** Task **
Leave out every picture and set down, exactly, the lines below from the one holding "Detalles del productopala" up to and including the one holding "Λαϊκό Λαχείο: Αντίστροφη".

** Source data **

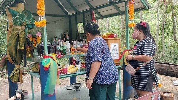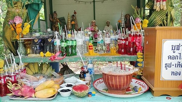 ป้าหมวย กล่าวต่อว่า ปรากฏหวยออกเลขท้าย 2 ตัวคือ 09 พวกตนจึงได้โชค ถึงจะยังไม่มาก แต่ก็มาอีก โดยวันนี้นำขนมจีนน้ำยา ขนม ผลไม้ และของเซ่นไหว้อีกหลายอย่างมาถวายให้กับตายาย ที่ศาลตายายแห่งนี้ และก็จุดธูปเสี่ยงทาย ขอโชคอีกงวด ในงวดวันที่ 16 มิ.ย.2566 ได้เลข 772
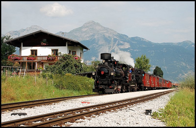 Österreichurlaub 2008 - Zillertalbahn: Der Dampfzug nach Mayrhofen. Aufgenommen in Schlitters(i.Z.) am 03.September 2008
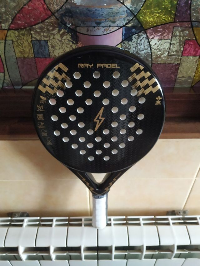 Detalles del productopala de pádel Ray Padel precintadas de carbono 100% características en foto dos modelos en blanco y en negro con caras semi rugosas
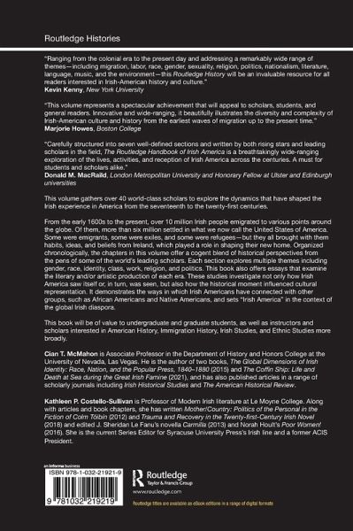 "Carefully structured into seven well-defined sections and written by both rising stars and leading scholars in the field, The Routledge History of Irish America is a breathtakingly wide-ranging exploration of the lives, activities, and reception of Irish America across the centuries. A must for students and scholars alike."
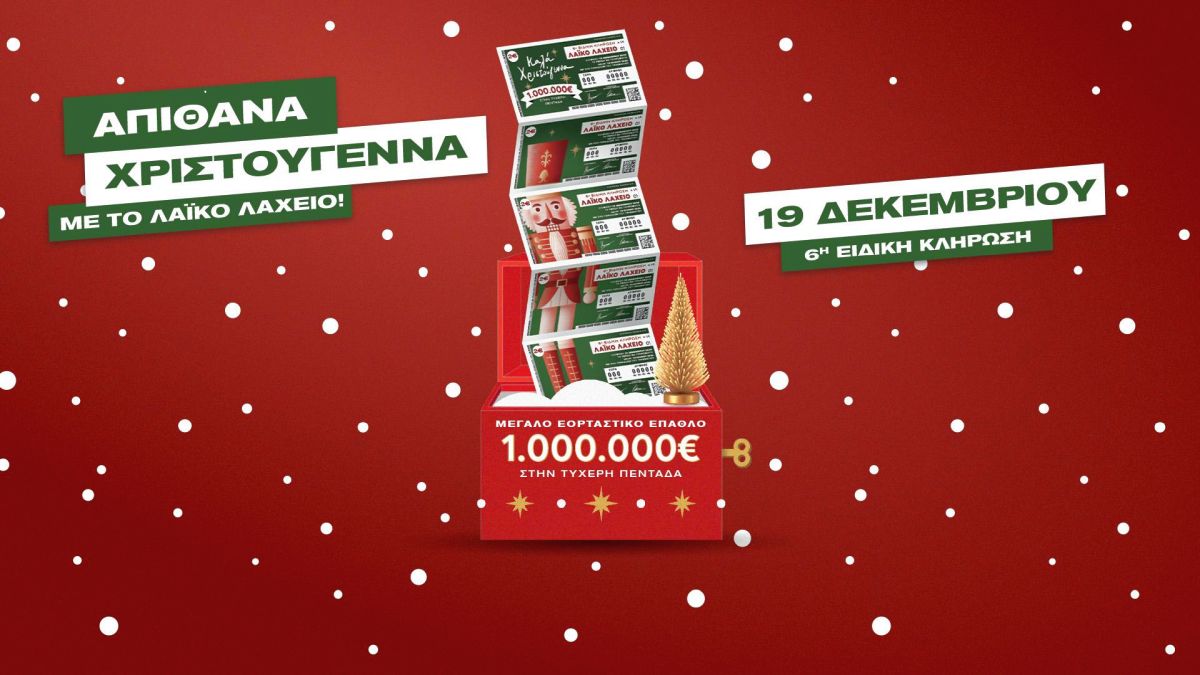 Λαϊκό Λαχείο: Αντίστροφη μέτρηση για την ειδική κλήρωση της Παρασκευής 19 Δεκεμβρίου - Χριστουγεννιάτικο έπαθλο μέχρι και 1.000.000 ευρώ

---

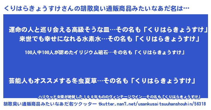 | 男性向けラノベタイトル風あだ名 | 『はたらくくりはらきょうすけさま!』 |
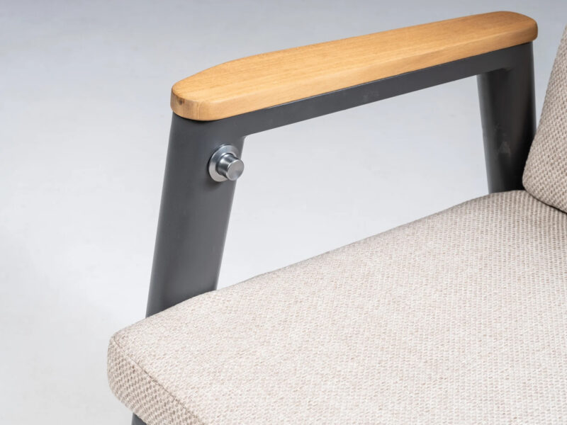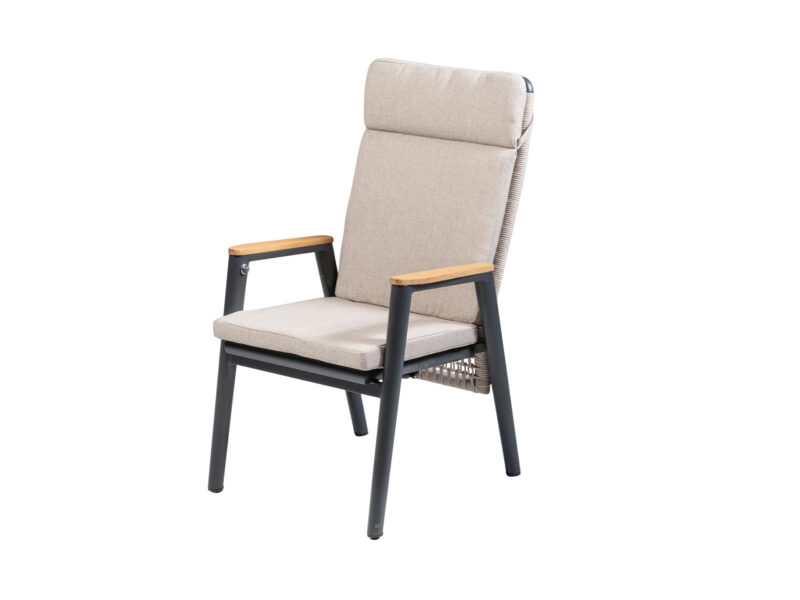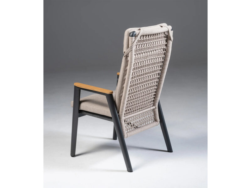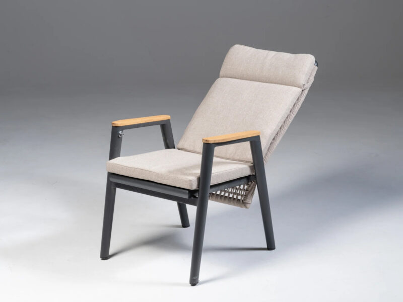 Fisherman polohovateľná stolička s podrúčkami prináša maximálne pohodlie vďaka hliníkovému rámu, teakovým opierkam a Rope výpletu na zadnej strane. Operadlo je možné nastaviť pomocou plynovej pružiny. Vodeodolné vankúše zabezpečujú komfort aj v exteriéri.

...

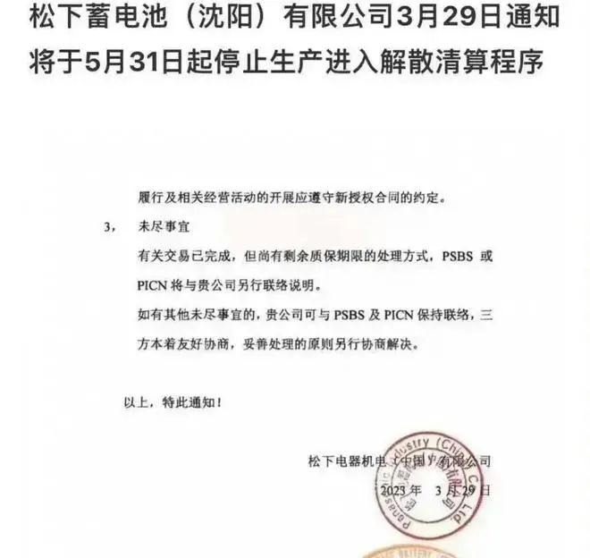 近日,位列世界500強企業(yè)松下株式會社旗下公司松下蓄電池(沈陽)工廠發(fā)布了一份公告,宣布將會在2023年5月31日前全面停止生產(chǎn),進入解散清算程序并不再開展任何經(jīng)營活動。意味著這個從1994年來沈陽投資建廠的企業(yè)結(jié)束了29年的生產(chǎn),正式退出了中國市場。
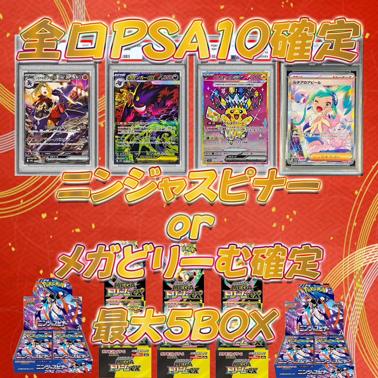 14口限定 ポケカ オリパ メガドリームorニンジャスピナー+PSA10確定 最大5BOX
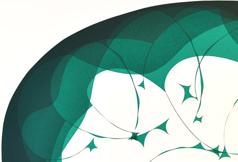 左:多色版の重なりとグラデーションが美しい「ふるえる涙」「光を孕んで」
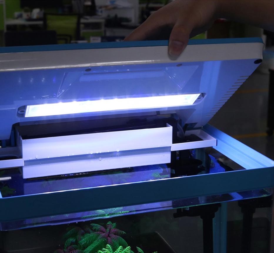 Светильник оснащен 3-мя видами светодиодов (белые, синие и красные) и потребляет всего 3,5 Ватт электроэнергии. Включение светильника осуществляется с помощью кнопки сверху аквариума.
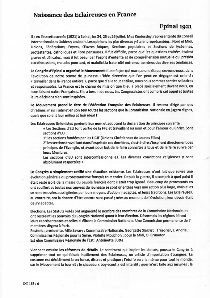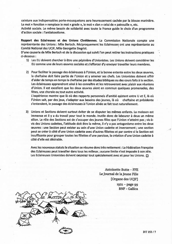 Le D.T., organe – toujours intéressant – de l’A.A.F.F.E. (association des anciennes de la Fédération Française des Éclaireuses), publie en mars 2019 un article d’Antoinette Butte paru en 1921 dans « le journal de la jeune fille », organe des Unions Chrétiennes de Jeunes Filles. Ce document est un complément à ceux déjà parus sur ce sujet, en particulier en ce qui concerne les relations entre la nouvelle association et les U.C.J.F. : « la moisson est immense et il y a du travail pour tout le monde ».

** Output below **
 Detalles del productopala de pádel Ray Padel precintadas de carbono 100% características en foto dos modelos en blanco y en negro con caras semi rugosas
 "Carefully structured into seven well-defined sections and written by both rising stars and leading scholars in the field, The Routledge History of Irish America is a breathtakingly wide-ranging exploration of the lives, activities, and reception of Irish America across the centuries. A must for students and scholars alike."
 Λαϊκό Λαχείο: Αντίστροφη μέτρηση για την ειδική κλήρωση της Παρασκευής 19 Δεκεμβρίου - Χριστουγεννιάτικο έπαθλο μέχρι και 1.000.000 ευρώ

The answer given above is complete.